Gábor Ganczer, CEO of Hungexpo explained in his welcome speech that the HoReCa industry, encompassing hotels, restaurants and cafés, wasn’t licking its wounds during the crisis and instead developed its services, allowing the exhibition to exceed expectations this year. For example, one of the most significant developments of recent years was realized at Hungexpo with Sirha Budapest as its crucial international test, where apart from the domestic participants, professional attendees had the chance to encounter 300 exhibitors from 16 countries.
The foreign exhibitors at this year’s Sirha Budapest event came from countries such as Egypt, Lithuania, France and Greece. A number of other countries (Austria, the Czech Republic, Germany, Poland, Romania and Slovakia) were represented by multiple exhibitors. On this occasion, the largest foreign exhibitor was Italy: many guests flocked to the flavours of Italy stand, where visitors could sample the gastronomy novelties of 20 different firms.
The biannual event again featured a number of professional conferences and roundtable discussions focusing, amongst other things, on the issues of reopening, the challenges of the new situation, the market shift and the situation of the labour market.

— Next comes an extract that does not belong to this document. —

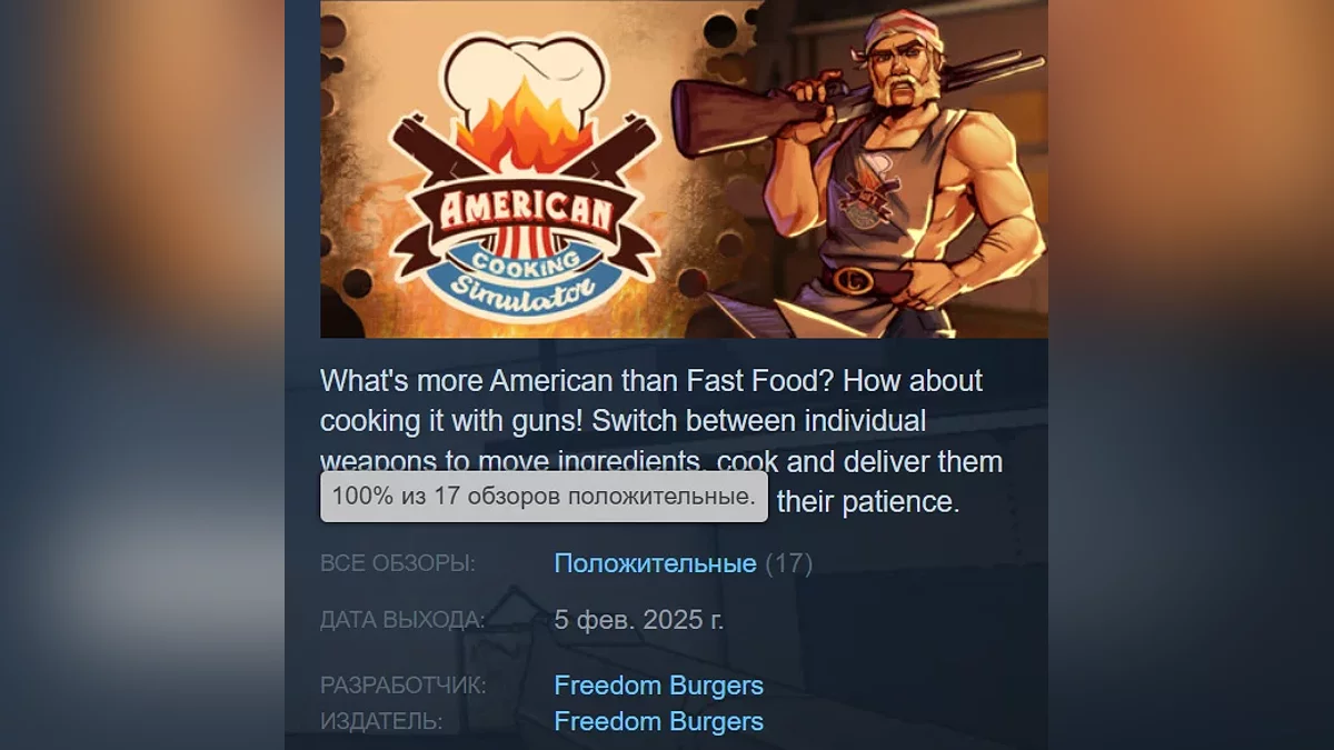 American Cooking Simulator — шутер про сотрудника заведения быстрого питания, где бургеры готовятся с использованием огнестрельного оружия. Имеет 100% рейтинга. Страница в Steam.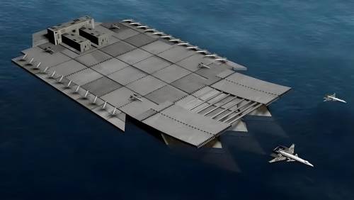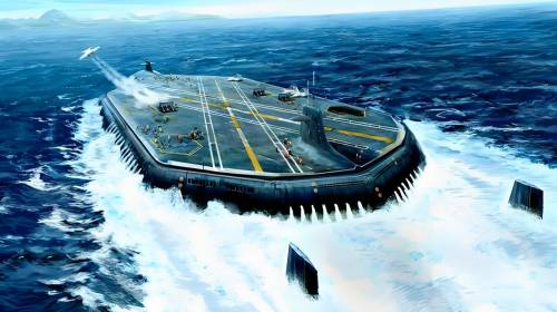 浮岛式航母是一种由大型浮动平台构成的航母替代品,具有建造成本低、排水量大、可搭载大量舰载机等优点。

Hosted for the 7th occasion this year, the Future Store Innovations stand catered to those looking for the latest commercial solutions and new products across over 700 square metres, featuring 24 co-exhibitors. Apart from the negotiation partners invited in advance, over a thousand guests visited the Future Store stand built by Trade magazine, in the course of Hungarian and English-language guided tours.
Agrármarketing Centrum’s Hungarian Wine Summit attracted great crowds, where 91 domestic winemakers debuted in front of a number of international wine experts and journalists (including a number of Master of Wine writers) and the general audience.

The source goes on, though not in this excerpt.